Following that one-off treatment in 2002, the patient was still going strong and living an active life, said Professor Moore.
“When we first did it, we weren’t sure we could tell patients how long they were going to have a response for, so 20 years is pretty impressive,” Professor Moore said.
“We all want that evidence to say that this is important to do, because doing a stem cell transplant carries the risks of infection, bleeding, heart problems, infertility and hair loss.
“In predominantly younger females, we need to be sure that we’re helping them in the long term if we’re going to cause these side effects.”
The St Vincent’s data over 20 years showed that about 50% of patients did not need any further therapy and remained in remission, Dr Penglase said.
Worldwide, more than 3000 people with autoimmune diseases – mainly systemic sclerosis and multiple sclerosis – have been treated with stem cell therapy.
In the past 10 years, three studies in the US and Europe had shown that stem cell transplant for scleroderma was beneficial compared with monthly intravenous cyclophosphamide, a chemotherapy drug, Professor Moore said.

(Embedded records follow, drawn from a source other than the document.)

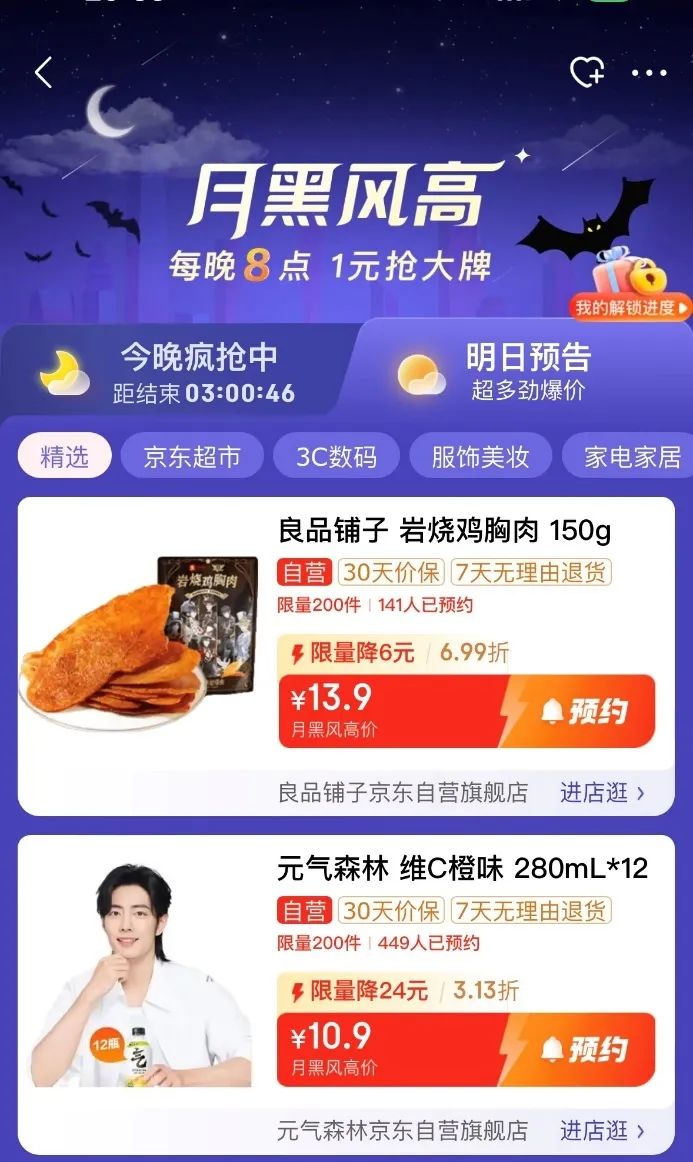 當(dāng)然,隨著互聯(lián)網(wǎng)、移動互聯(lián)網(wǎng)的高速發(fā)展,電商大促活動越來越多,京東的月黑風(fēng)高也一度消失在大眾視野。但自2023年京東加碼推動低價策略,“月黑風(fēng)高”這一經(jīng)典玩法便已再次回歸!不再是一年一次,而是每天都有。消費(fèi)者只要在京東APP搜索“月黑風(fēng)高”,或在京東APP首頁進(jìn)入秒殺頻道,找到頂部的月黑風(fēng)高入口,每天晚8點(diǎn)都能夠參與搶購。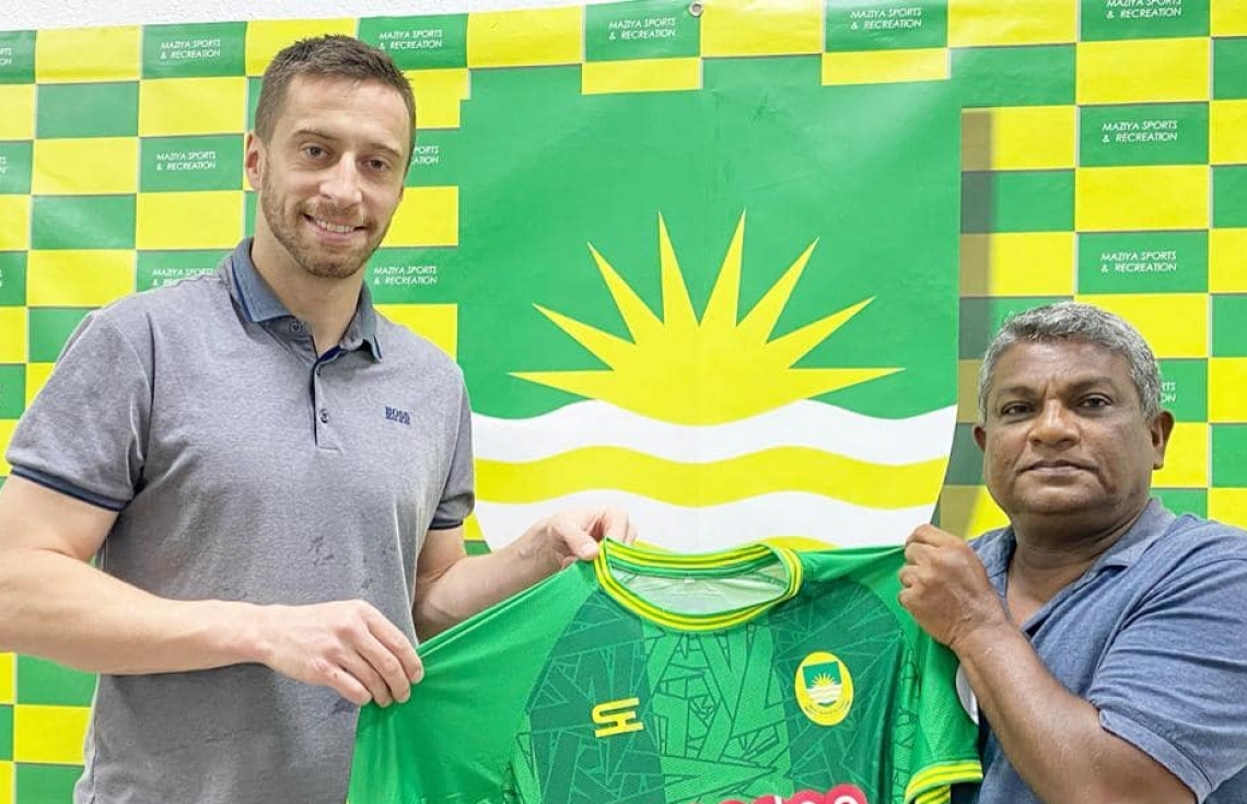 މާޒިޔާގެ ޗެއާމަން އަހްމަދު ސާޖިދު (ކ) އާއި އެޓީމަށް އަލަށް ސޮއިކުރުވި ޑިފެންޑަރު ކާޓަލް މާޒިޔާގެ ޖޯޒޯ ހިފަހައްޓާލައިގެން --- ފޮޓޯ: މާޒިޔާ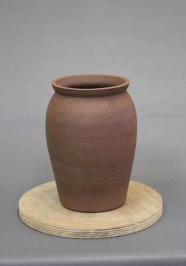 J'attrape alors cette barbotine par grandes poignées et commence à l'appliquer sur ce que je viens de tourner.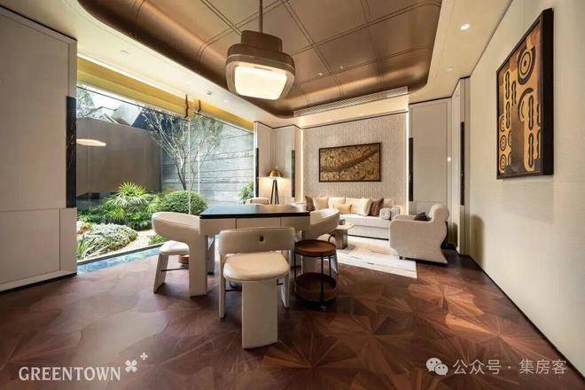 “PrivéTable瑰飨”私宴厅,会客用餐区相融,落地窗揽庭院绿意;“Obsidian Club围弈”棋牌室设智能麻将桌与休憩沙发,更有“Vigor Hub 律动”“Thermal Swim游弋”等会客厅配全景落地窗,让生活与自然互动。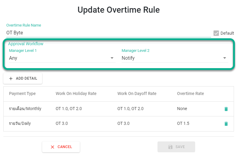 - คลิกที่ปุ่มแก้ไข เพื่อตั้งค่ากฏค่าล่วงเวลา หรือ เพิ่ม (Add) เพื่อสร้างกฏค่าล่วงเวลาใหม่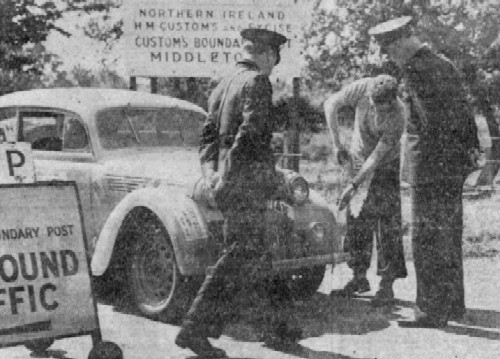 The Ulster Team car being forced to remove a tricolour pennant before leaving Nothern Ireland the following morning.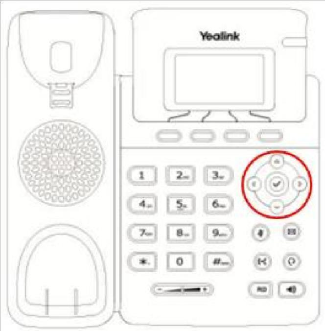 View the IP Address of the Phone: On the device's keypad, select the “V” button in the middle as shown in the image.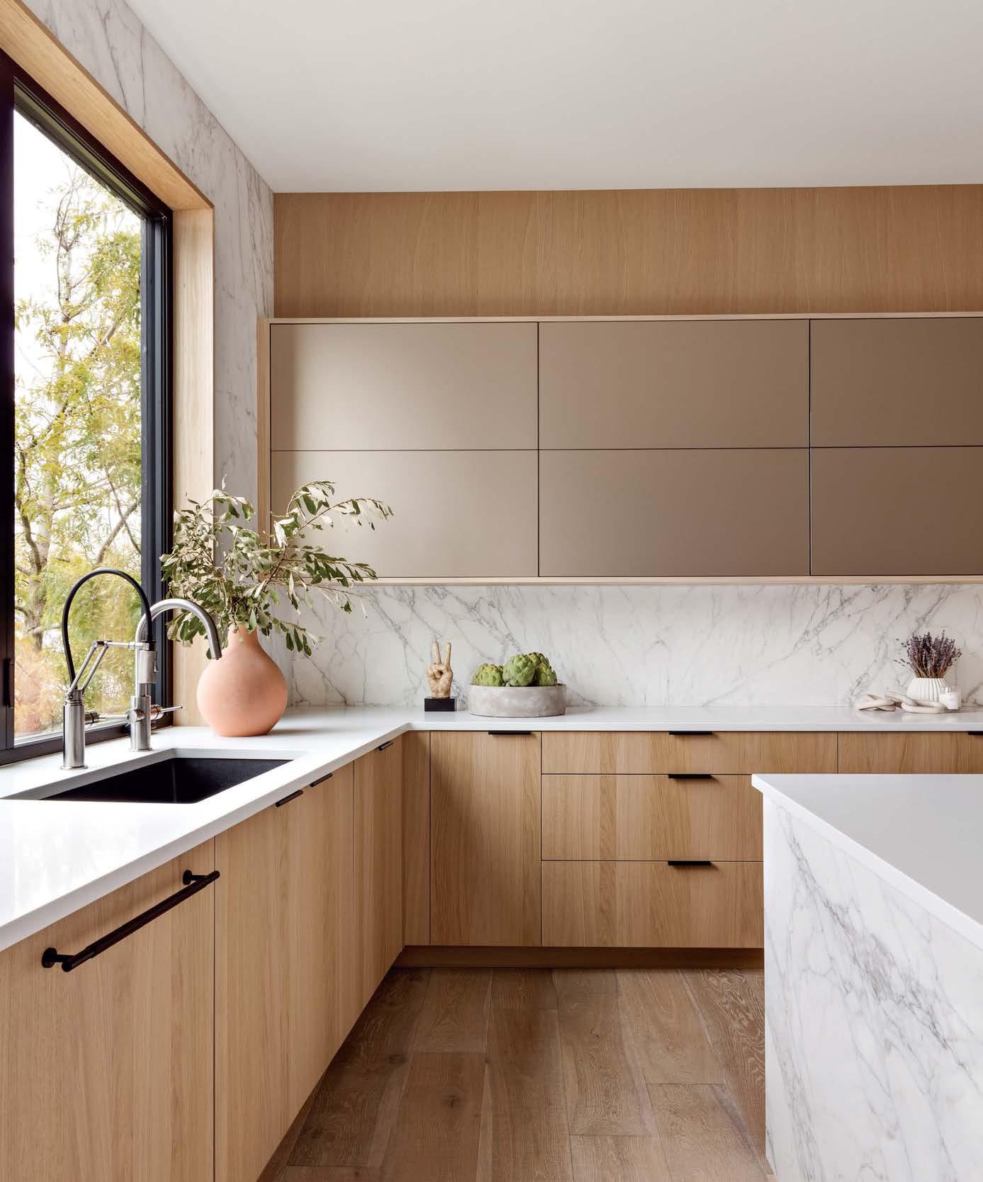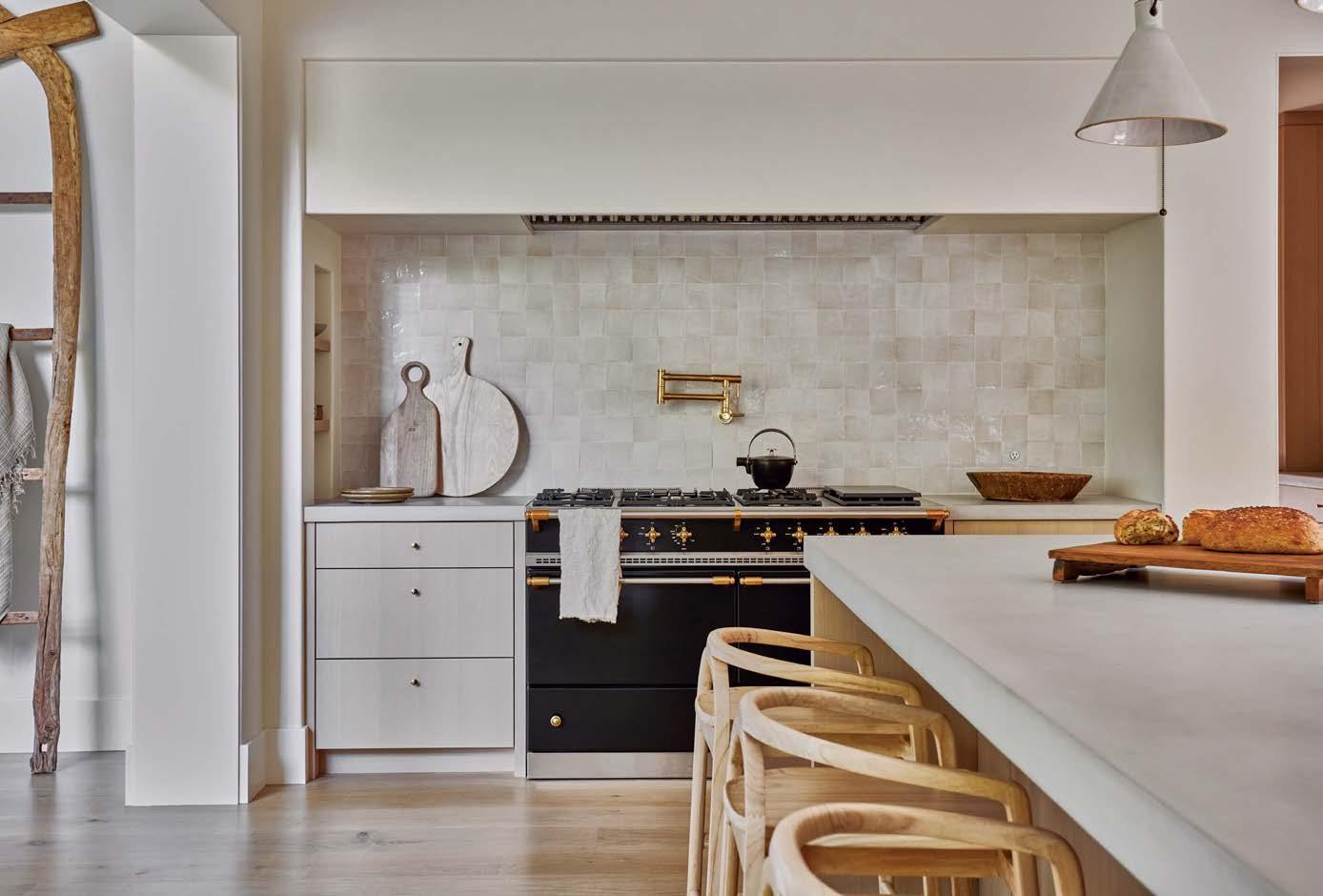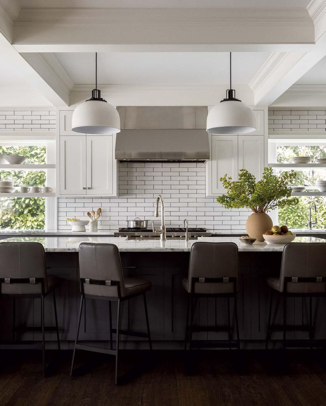 Opposite: At the kitchen island, topped with stone from Meta Marble & Granite, are barstools by Lawson-Fenning and pendants by Rejuvenation. The wall tile is from Statements Tile & Stone, and the range hood is by Wolf.

“All those studies showed improvement in quality of life, improvement in the skin, improvement in lung function, and improvement in overall survival.
“Patients were 20% to 30% more likely to be alive with their condition at four to five years after the stem cell transplant.
“Our results mirror exactly what happened in those randomised studies in terms of survival and response rate.”
In the control arm of the international randomised studies, 30% to 40% of those patients died at five years.
Ideally, patients should be referred to a stem cell program as early as possible, Professor Moore said.
“If a patient has progressive disease, and their skin is getting harder and tighter or their lungs are getting worse despite conventional treatment, they’re the trigger points for us to say they should consider a stem cell transplant.”
To reduce the risks of stem cell therapy, particularly on the heart, St Vincent’s researchers have trialled using lower doses of chemotherapy.
“We’ve shown in other studies that we can use lower doses of chemotherapy in high-risk patients, and it still works,” Professor Moore said.
“Our safety data is the same or better than the rest of the world, and we’re looking after sicker patients.”
The team’s patient surveys have shown that patients reported significant improvement in quality of life, Professor Moore said.
“In the longer term, medication-free remission is what we hope for, and a large proportion of patients have continued to have that.”
Dr Ross Penglase is presenting Autologous Haematopoietic Stem Cell Transplantation for Severe Systemic Sclerosis Using Standard Dose Cyclophosphamide Conditioning – A Single Centre Experience in concurrent session 9B: New Investigator Free Papers on Sunday 22 May (10:45-12:15).